Sport Ireland has suggested that the rules of a national organisation are bound up in those of their lead global body but that it is working on advice for bodies.

The Ladies Gaelic Football Association and the Camogie Association do not have the cover of an international body and are both understood to be working on policies relating to the participation of transgender players at all levels of the game.

An incident at a recent Dublin Ladies Football Final caused upset on social media recently and the issue is one that is very much in a spotlight that is only growing hotter.

Ireland’s first LGBTQ+ inclusive Rugby Club, the Emerald Warriors are sponsored by Bank of Ireland and have featured as part of a number of Sport for Business events and discussions around inclusion.

They said yesterday that the IRFU decision “further reduces spaces for transgender people to exist safely, affecting rugby, sport and society.”

Values

“This step does not follow the values of our game,” the club spokesperson continued. “We are gravely concerned with the messaging to transgender youth, their families, friends and allies clearly making them no longer welcome in rugby.”

The issue of sporting competition is one that affects only a small minority of those who have or are in the process of transitioning from male to female or female to male.

There is a level of confusion and at times brutality in the way that closed minds react to their personal decision and it appears that sport is being used by some to point out what they see as something “wrong” in the idea that gender at birth is not gender for life.”

Sport has a hugely important role to play in how we function as a society and how we relate to all members of the communities in which we live.

Gender identity is now firmly a part of that.
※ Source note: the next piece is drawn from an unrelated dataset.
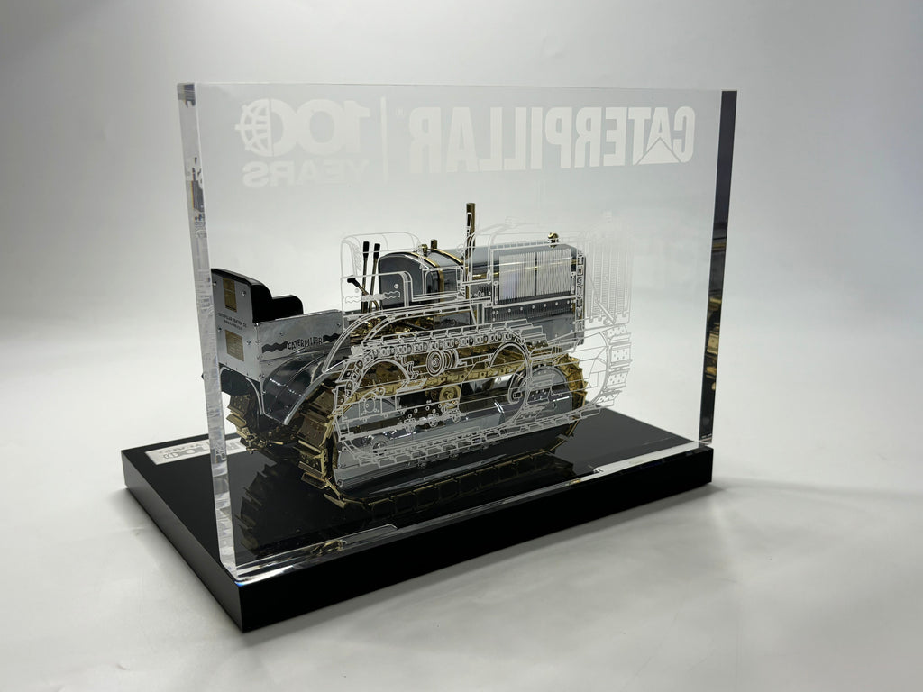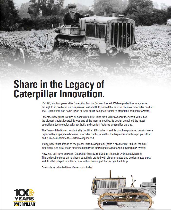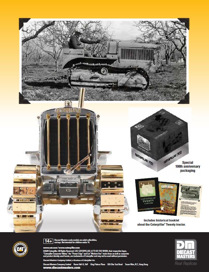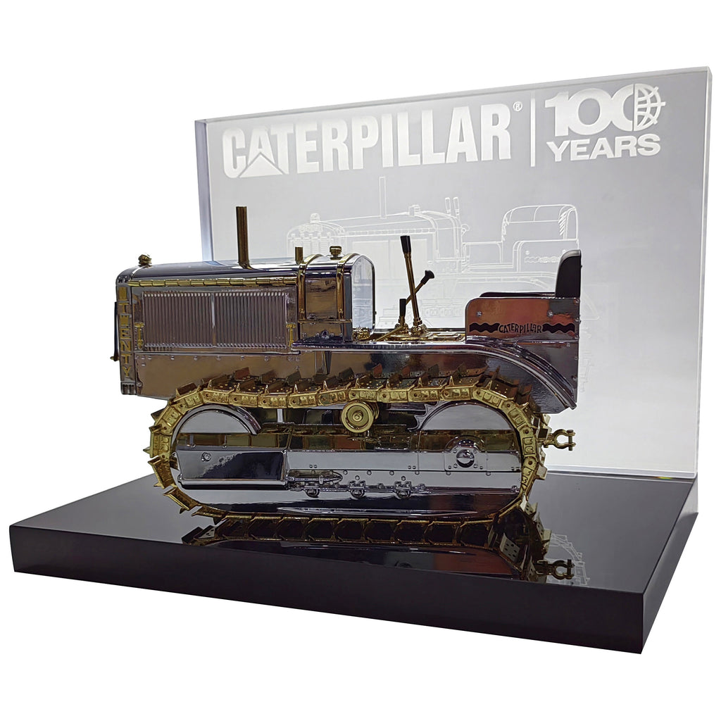Now, you can have your own Caterpillar Twenty, realized in 1:16 scale by Diecast Masters. This collectible piece art has been beautifully crafted with chrome-plated and golden-plated parts, and it’s all displayed on a black base with a stunning etched acrylic backdrop.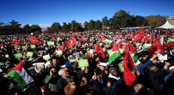 İsrail’in Gazze’de sürdürdüğü saldırılara tepkiler ülke genelinde devam ediyor. Erzurum Sivil Toplum Platformu tarafından Narmanlı Camii'nde kılınan cuma namazını müteakip gıyabi cenaze namazı kılındı. Burada toplanan binlerce Erzurumlu Cumhuriyet Caddesi üzerinden yürüyerek İsrail’in Filistin’deki saldırılarını protesto etti.

It is now in the realm of science to provide definitive answers on that “force and power” equation that World Rugby references.

Human bodies are different and unique in every way. The previous means of dealing with eligibility issues on a case by case basis recognised that and while it was time and energy consuming for all parties it did allow for a sensitive treatment and acceptance.

Whether that can now be re-instated in contravention of World Rugby rules is doubtful though and so sport will continue to be caught in the vortex of inclusion of all and fairness to all.